Newer formulations and alternative technologies can help overcome the drawbacks of Coomassie protein visualization in PAGE gels.
Electrophoretic analysis is one of the most widely used tools for the determination of protein identification, purity, and integrity. One of the keys to the early development of this ubiquitous tool was the availability of a sensitive and reliable method of visualizing proteins after polyacrylamide gel electrophoresis (PAGE). Over time, Coomassie Brilliant Blue staining has become the most widely accepted method for detecting proteins in gels.

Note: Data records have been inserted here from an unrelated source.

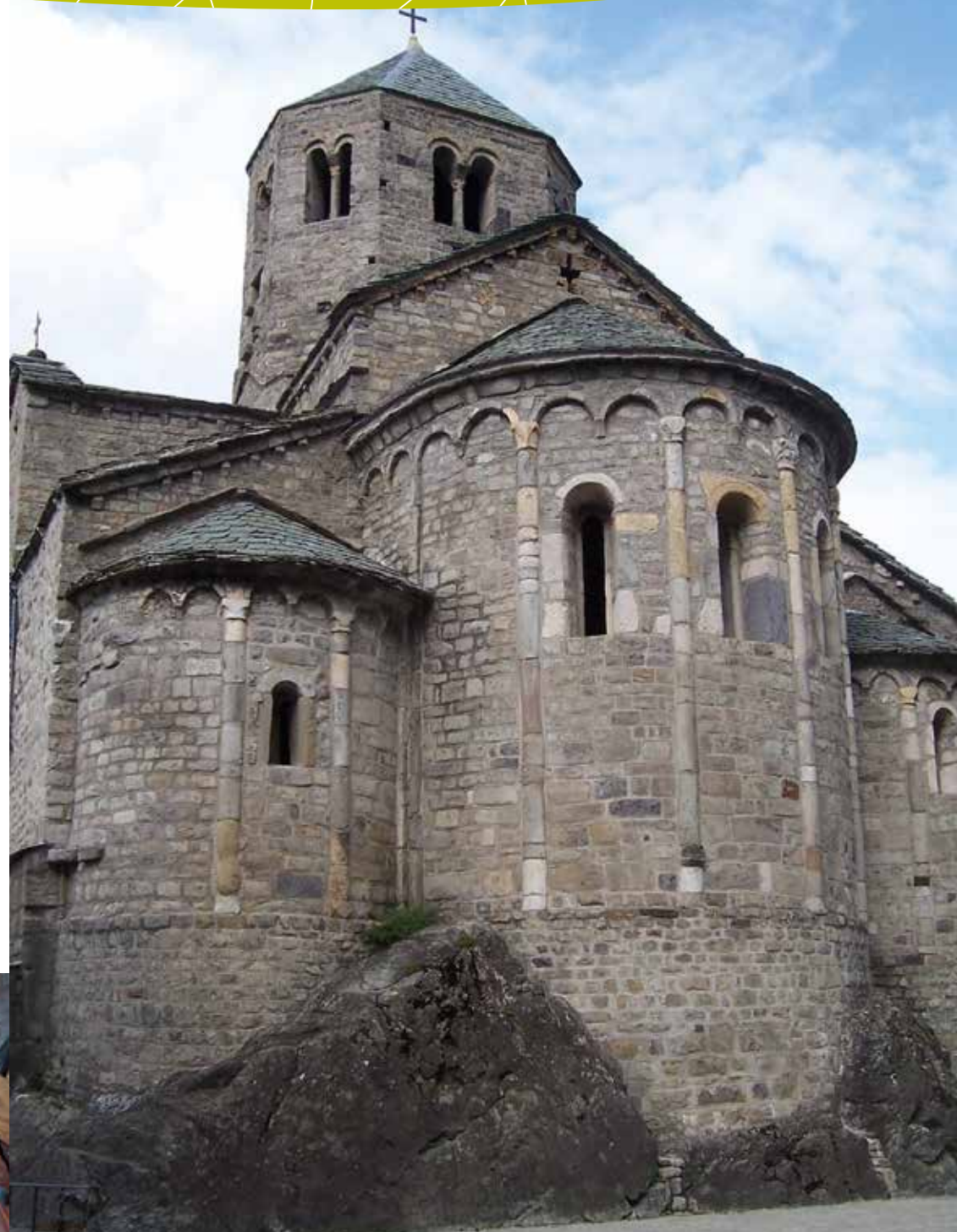
Monastero di S. Salvatore a Capo di Ponte

RISTORANTE PIZZERIA GRAMULI 0364 434013 Via Ronchi, 20a www.gramuli.it ristorante@gramuli.it ☎ Ristorante Gramuli
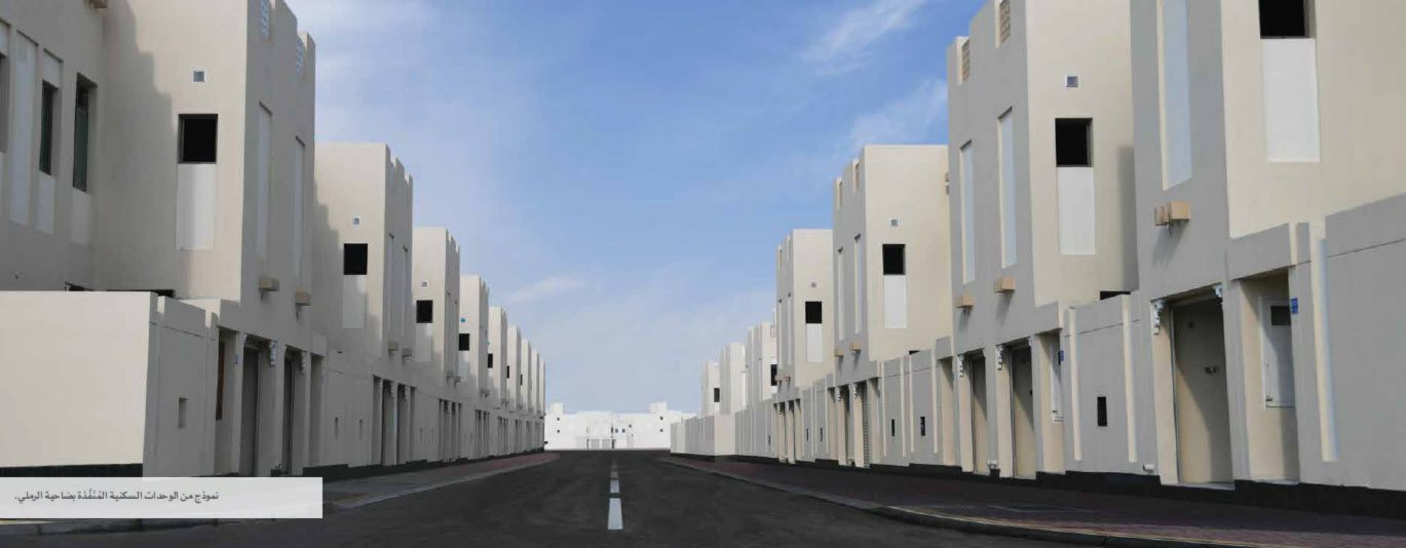
نموذج من الوحدات السكنية المُتَمَكِّدَة بضاحية الرملي.
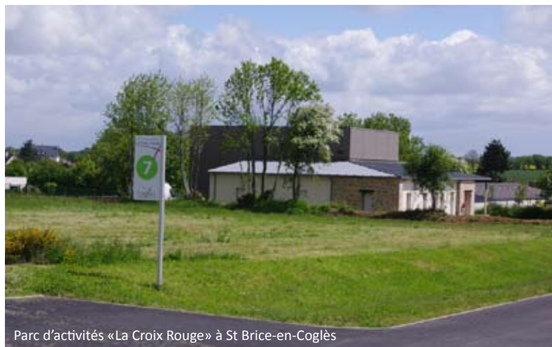
Parc d'activités «La Croix Rouge» à St Brice-en-Coglès

La ZA «La Croix Rouge» labellisée Qualiparc par la Région Bretagne, offre un cadre exceptionnel
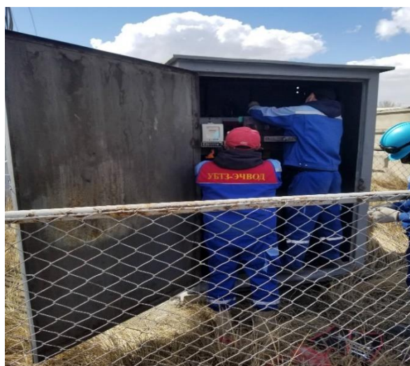
Зураг 6. Трансформаторын засвар үйлчилгээ

7. Нийслэл хот дотроо үйл ажиллагаа явуулдаг авто засварын газруудаас “Техникийн ашигласан хаягдал тос” тээвэрлэдэг зориулалтын автомашинд хот дотор явах ЕС зөвшөөрлийн сунгалтыг хийлгэж хагас жилээр түр зөвшөөрлөө авсан.
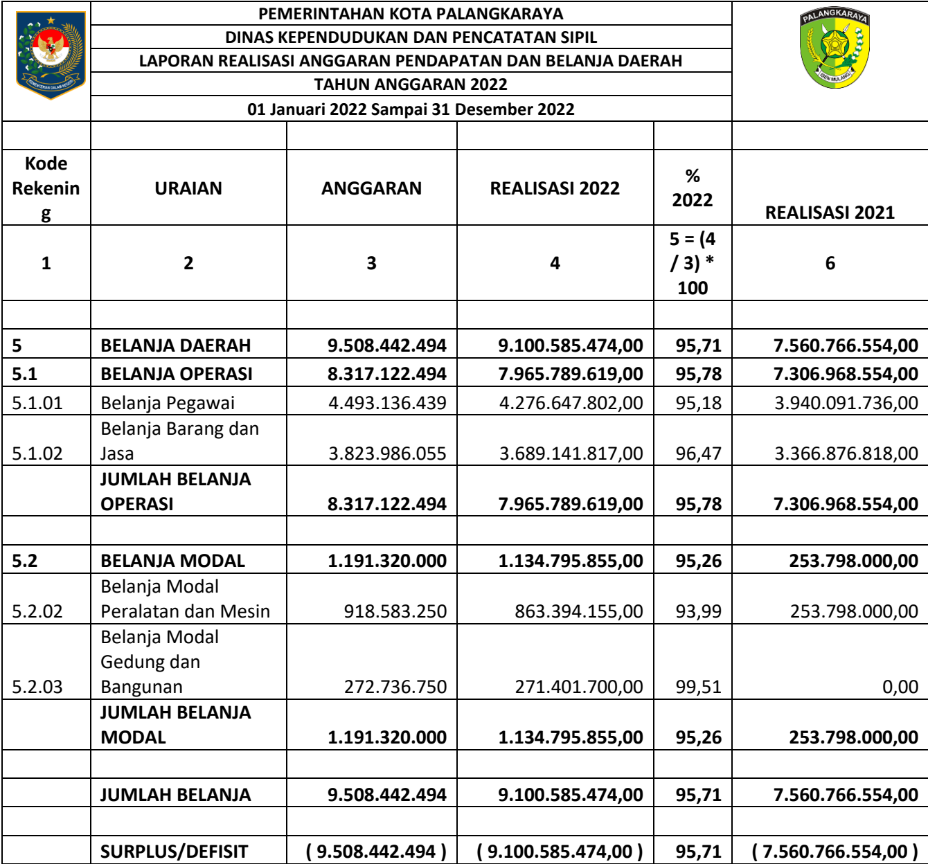
Tabel III.7 LAPORAN REALISASI ANGGARAN (LRA) T.A. 2022

Realisasi anggaran dalam masing-masing program/ kegiatan Dinas Kependudukan dan Pencatatan Sipil Kota Palangka Raya Tahun 2022 dijelaskan sebagai berikut:
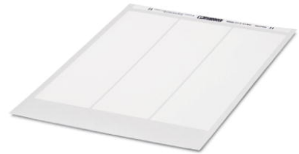
Abbildung zeigt Variante des Artikels

http://eshop.phoenixcontact.de/phoenix/treeViewClick.do?UID=0803663
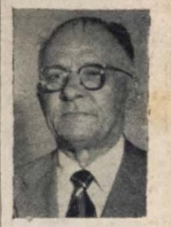
Senador Virgínio Veloso Borges

Encontra-se, desde ontem, em João Pessoa, o Senador Virgínio Veloso Borges, figura de alta expressão dos nossos meios políticos, sociais e econômicos.
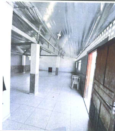
IMAGEM 2: EDIFICACAO 2 LOCAL: NOVA MURIAE
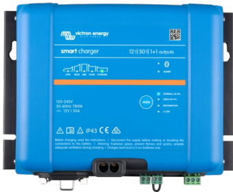
Cargador Smart IP43 12/50(1+1)
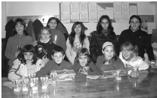
Irudian herriko parte-hartzaileak beraien sari eta oroirarekin.
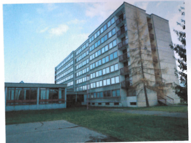
Ubytovňa č.s. 1920 na parc. KN č. 7020/2, k.ú. Ružomberok - JZ a SZ pohľad
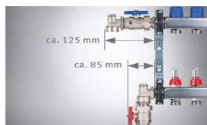
Verteiler-Anschluss-Set 90° (Art.-Nr. 291100)
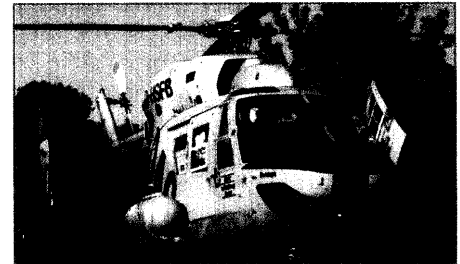
Drei Fragen an drei Praktiker aus der Luftrettung
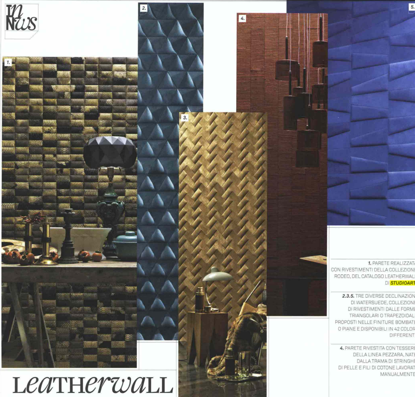
1. PARETE REALIZZATA CON RIVESTIMENTI DELLA COLLEZIONE RODEO, DEL CATALOGO LEATHERWALL DI STUDIOART
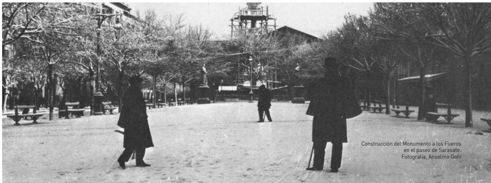
Construcción del Monumento a los Fueros en el paseo de Sarasate.

Ayuntamiento de Burgui Burgiko Aiza Bulgua
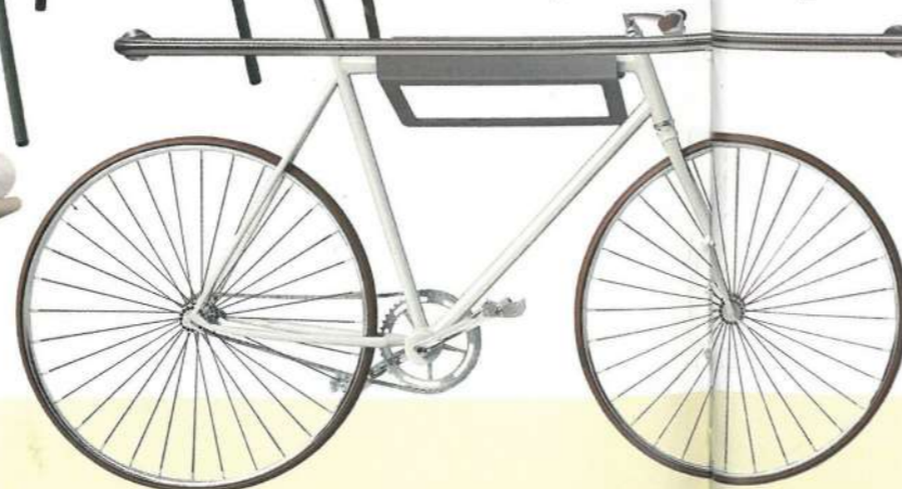
Hook , de Ceadesign, redefine la grifería con un diseño modular en acero.
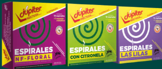
Espiral Júpiter Floral, Citronella y Lavanda 10 unid + soporte metálico
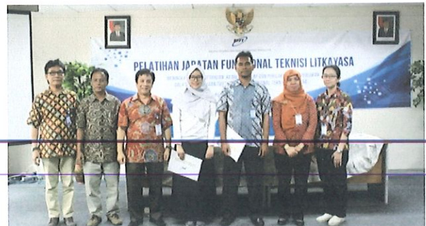
Foto bersama perwakilan alumni diklat FTL dgn Kepala Pusbindiklat BPPT di Ruang Kelas Lt.6 Pusbindiklat Gd.2 BPPT

Penyelenggaraan Diklat selama 4 (empat) hari di mulai pukul 08.00 s.d 16.00. WIB, sebelum diklat dimulai dilaksanakan evaluasi pre test & setelah diklat dilakukan evaluasi post test dilakukan secara manual serta evaluasi penyelenggaraan & pengajar secara online.
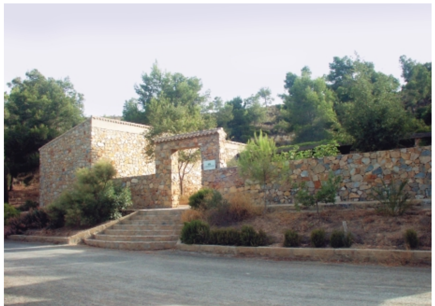
Acceso principal Aula de Naturaleza

Entre los proyectos propuestos destaca la localización de un Punto de Información para los visitantes en el principal acceso a la finca, el aparcamiento de Las Morenas; y cabe la posibilidad también que en un futuro se habilite una de las estancias del Aula como Centro de Visitantes.
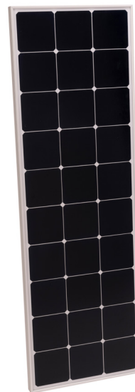
Sun Peak SPR 110_Small silver
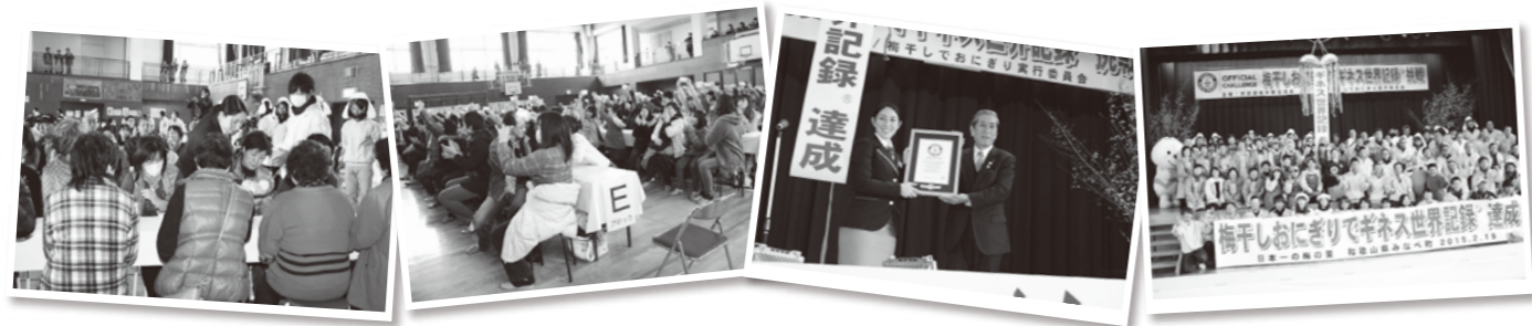
審査の時はドキドキ
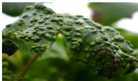
Slika 8. Lozine grinje

Calepitrimerus vitis i Eriophyes vitis imaju različite biološke cikluse. Tako Calepitrimerus vitis ima od 3 do 5 generacija godišnje, dok Eriophyes vitis može imati i do 7 generacija godišnje. Ženke lozinih grinja prezime ispod kore trsa ili na pupu, gdje odlažu jaja čiji se razvoj odvija u desetak dana (Maletić i sur. 2008.). Razvojni stadiji uključuju ličinke, nepokretne nimfe i odrasle oblike, a njihova aktivnost naglašava se tijekom vegetacije i značajno ovisi o temperaturi okoline. Akarinoze uzrokovane lozinim grinjama, poput Calepitrimerus vitis , manifestiraju se kroz ubode uslijed sisanja na listu. Oštećenja uključuju: smeđenje, uginuće i pojavu izboja sa skraćenim internodijima. Listovi postaju šuplji, deformirani, a rubovi uzdignuti i tamni. Mjesta uboda suše se, ispadaju i ostavljaju list šupljikavim. Ova vrsta grinje može uzrokovati najveće štete tijekom hladnijeg proljetnog vremena, prouzročujući oštećenja čak i kad je razvoj loze usporen.
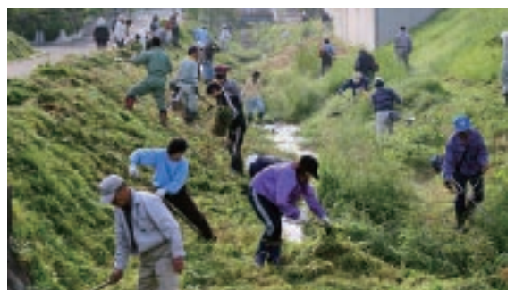
▲市民との協働のまちづくり(河川清掃)
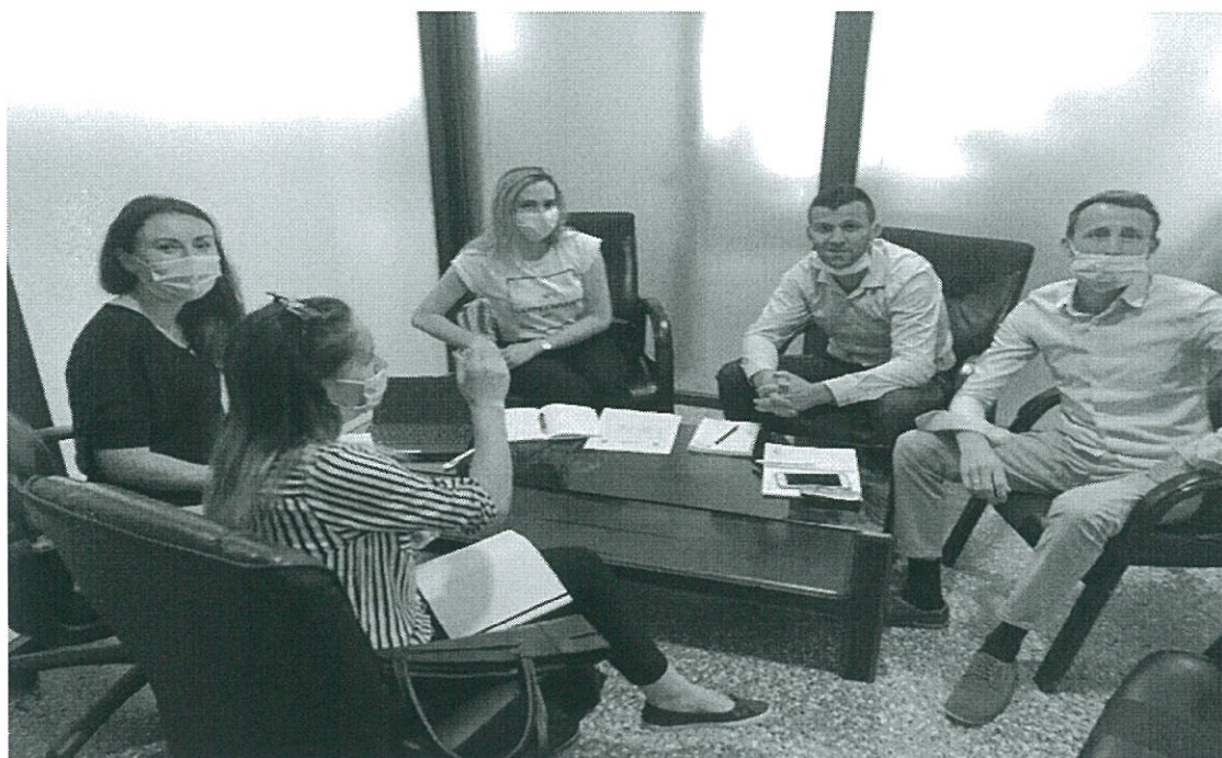
Fig.7. Anëtarët e komitetit

Nga shkencëtarët është konstatuar që fëmijët kanë potencial më të madh të përhapjes së këtij virusi se sa të rriturit, andaj duhej të merren masat që most të vije deri tek një numër I madh të infektuarve.
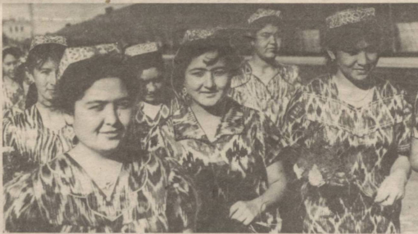
Ўзгаллисининг кўрки қизлар...
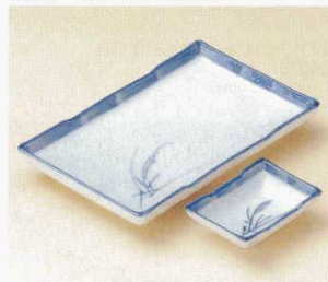
28931-544 芦7.0焼物皿 660円 60入 (19.2×12×2.5cm) 28932-544 芦角千代久 240円 300入 (8.1×5.7×2.2cm)
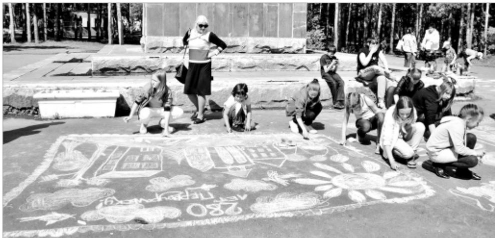
Это полотно - посвящение своей малой родине. С юбилеем, город!
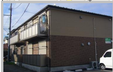
下宿屋寒川クローバーハイツ
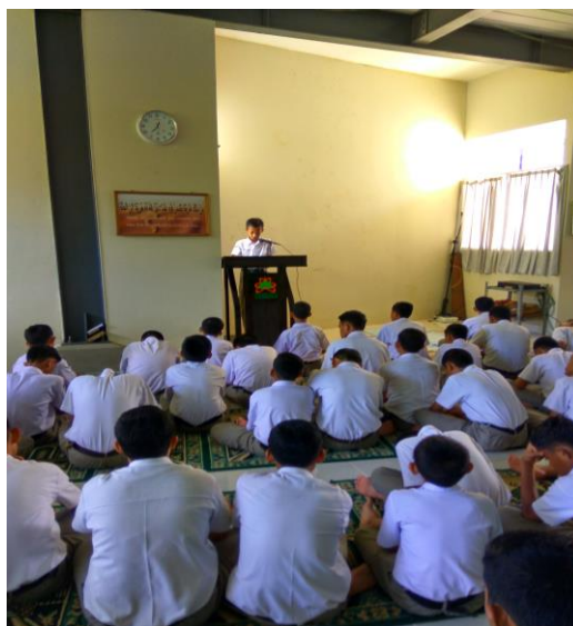
Gambar 42. Siswa membacakan Quotes of the Day setelah pembacaan hadits sesaat setelah salat duhur berjamaah.

Motivasi Adalah suatu dorongan kehendak yang menyebabkan seseorang melakukan suatu perbuatan untuk mencapai suatu tujuan tertentu. Menurut Hariyanto (2013), misalnya ingin menghafal satu halaman Alquran perhari. Jika tidak memiliki motivasi dalam menghafal maka besar kemungkinan seseorang tersebut untuk gagal dalam mencapai targetnya dikarenakan dalam menghafal godaan yang akan dialami oleh seseorang pastilah sangat banyak. Contoh lain ialah saat
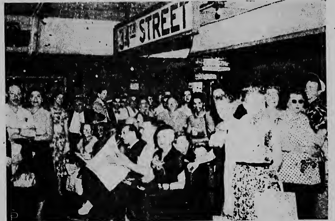
Esaki ta un bisita di con e hendenan na Merca ta para ora nan ta go spera riba trein den subway durante di un strike cu tabatin aya di motormen, door di cual ams o meos 780.000 hende a hanja nan mes sin por bai ni bini.
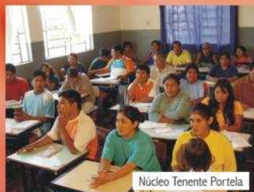
Núcleo Tenente Portela
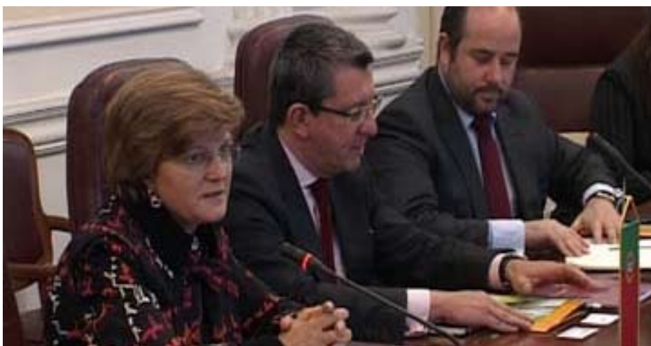
Делегация из Португалии

Делегация португальского Министерства окружающей среды и пространственного планирования во главе с министром госпожой Дулсе Пасаро приехала в официальный визит в Сербию.

Coomassie R-250, and its dimethylated derivative G-250, have been used as protein gel stains for more than 45 years.1 Improvements over the years have increased sensitivity, and Coomassie staining is compatible with downstream analysis by mass spectrometry (MS). The relatively low cost of these dyes, their ready-made solutions, sensitivity in the five to 50 ng range, detection using standard white light transilluminators, and time-tested staining and destaining protocols, have been keys to their wide acceptance.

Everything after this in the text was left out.